**Work instructions:** Copy the listing in full and exactly, omitting its images.

[Supplied information Boundary: Start]

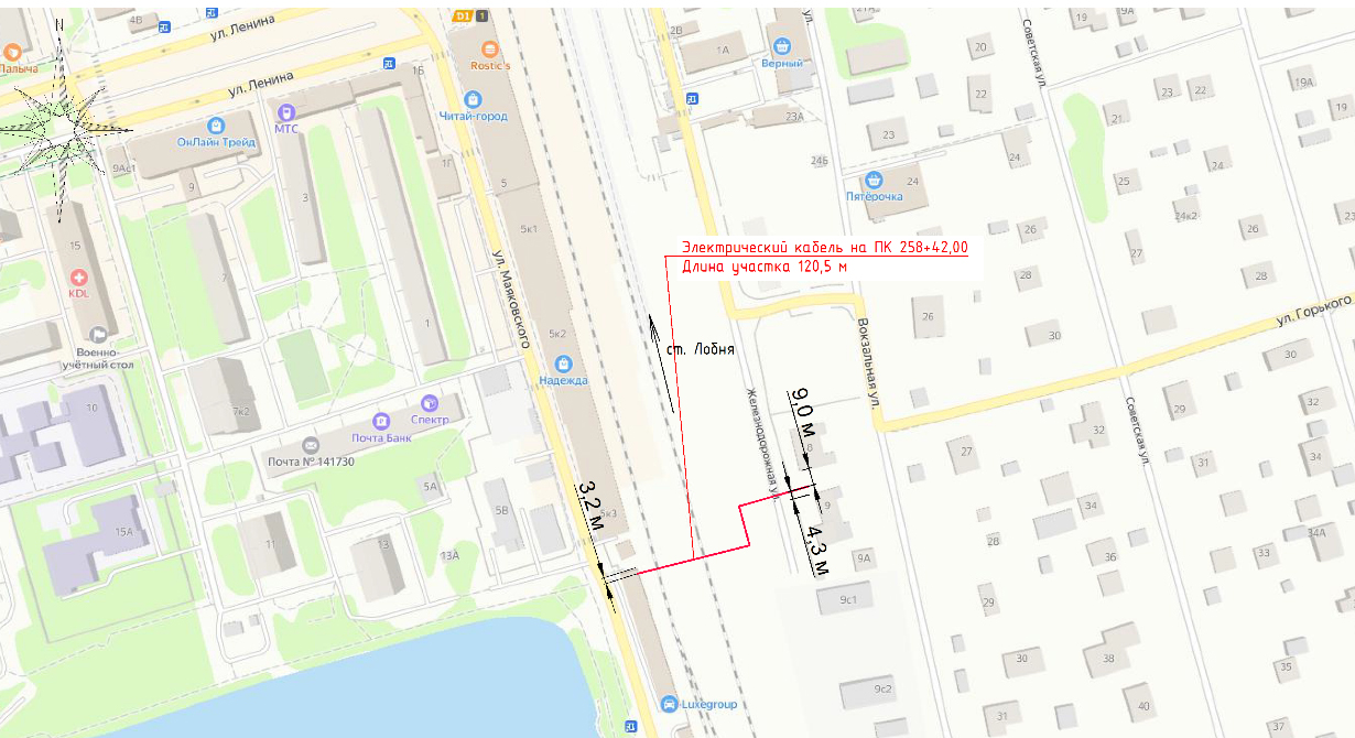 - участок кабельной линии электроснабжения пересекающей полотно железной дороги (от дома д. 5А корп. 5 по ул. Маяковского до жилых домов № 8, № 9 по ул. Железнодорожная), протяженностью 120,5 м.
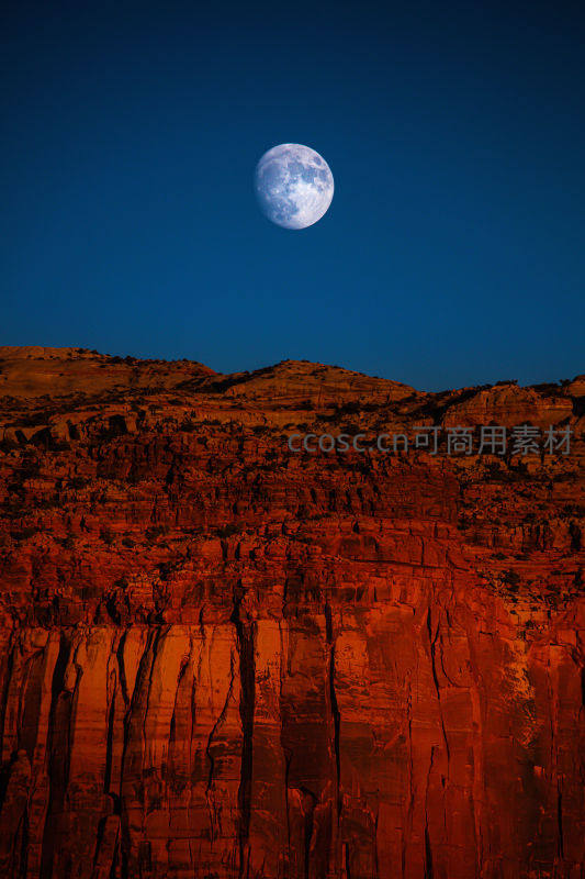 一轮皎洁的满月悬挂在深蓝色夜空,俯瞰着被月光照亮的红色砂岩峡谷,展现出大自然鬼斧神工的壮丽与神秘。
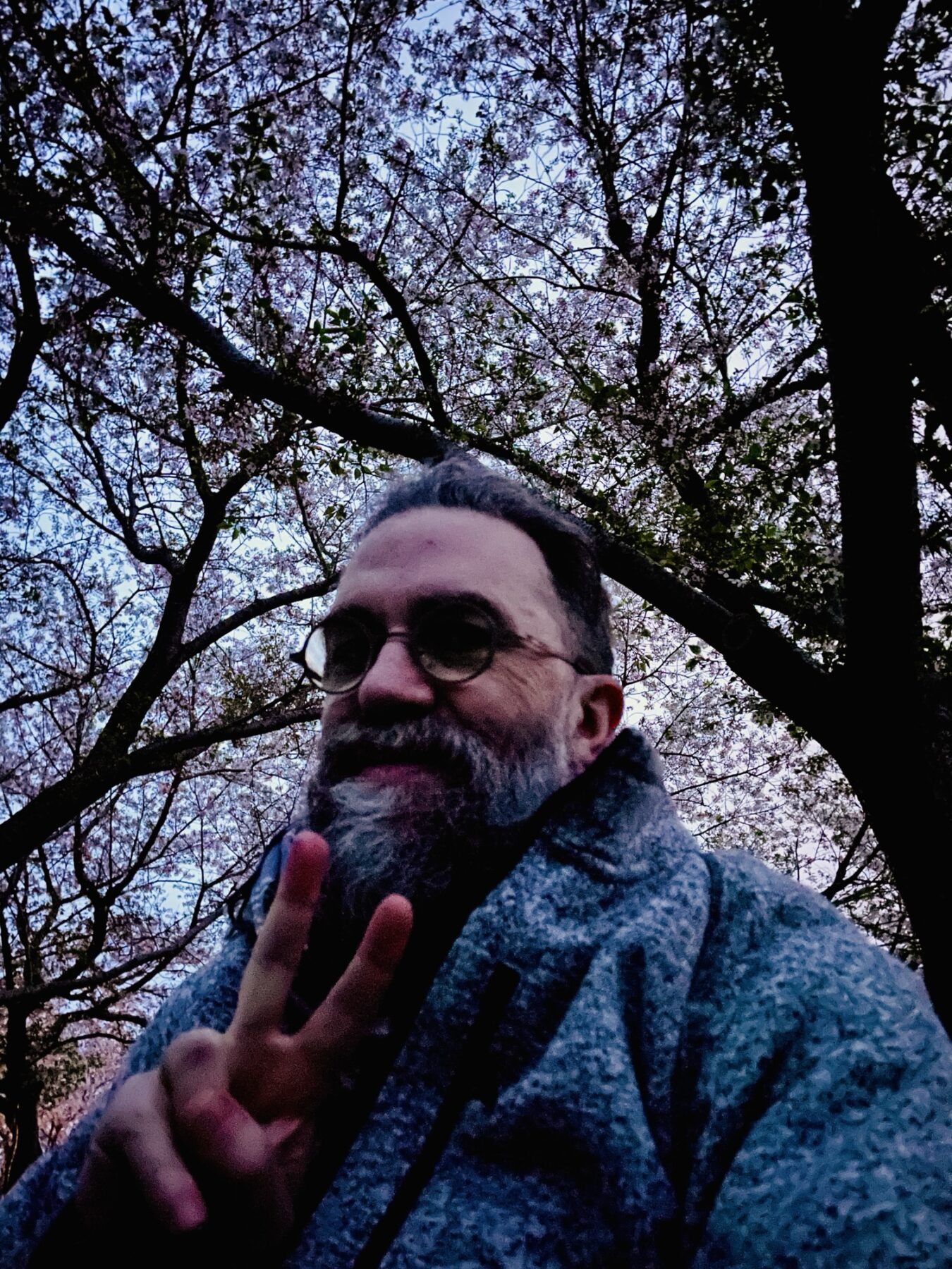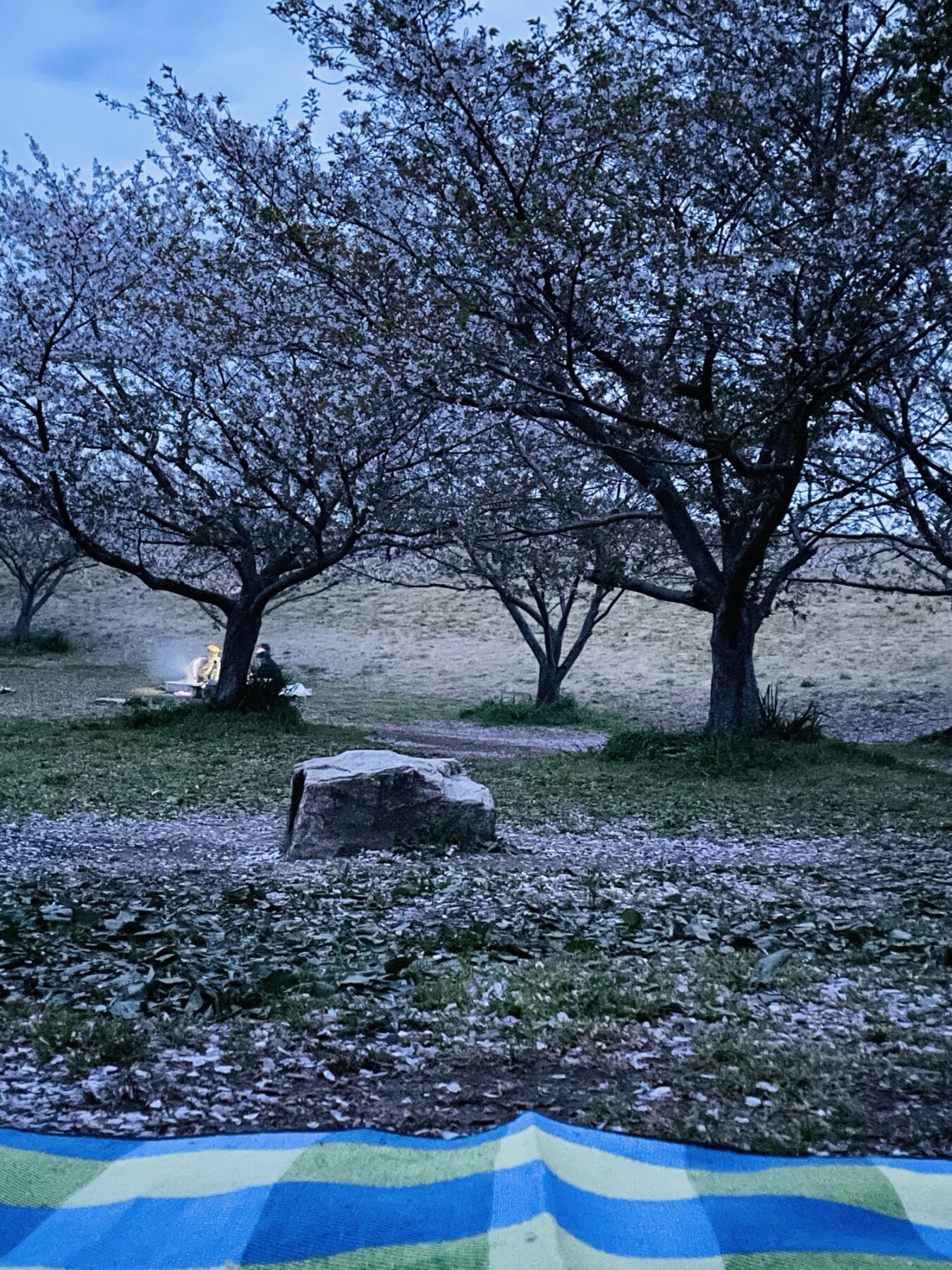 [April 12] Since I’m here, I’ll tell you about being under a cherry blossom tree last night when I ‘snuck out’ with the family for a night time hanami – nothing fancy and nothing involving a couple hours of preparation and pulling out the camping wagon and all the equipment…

[Supplied information Boundary: End]

**Reply to the exercise:**
 - участок кабельной линии электроснабжения пересекающей полотно железной дороги (от дома д. 5А корп. 5 по ул. Маяковского до жилых домов № 8, № 9 по ул. Железнодорожная), протяженностью 120,5 м.
 一轮皎洁的满月悬挂在深蓝色夜空,俯瞰着被月光照亮的红色砂岩峡谷,展现出大自然鬼斧神工的壮丽与神秘。
 [April 12] Since I’m here, I’ll tell you about being under a cherry blossom tree last night when I ‘snuck out’ with the family for a night time hanami – nothing fancy and nothing involving a couple hours of preparation and pulling out the camping wagon and all the equipment…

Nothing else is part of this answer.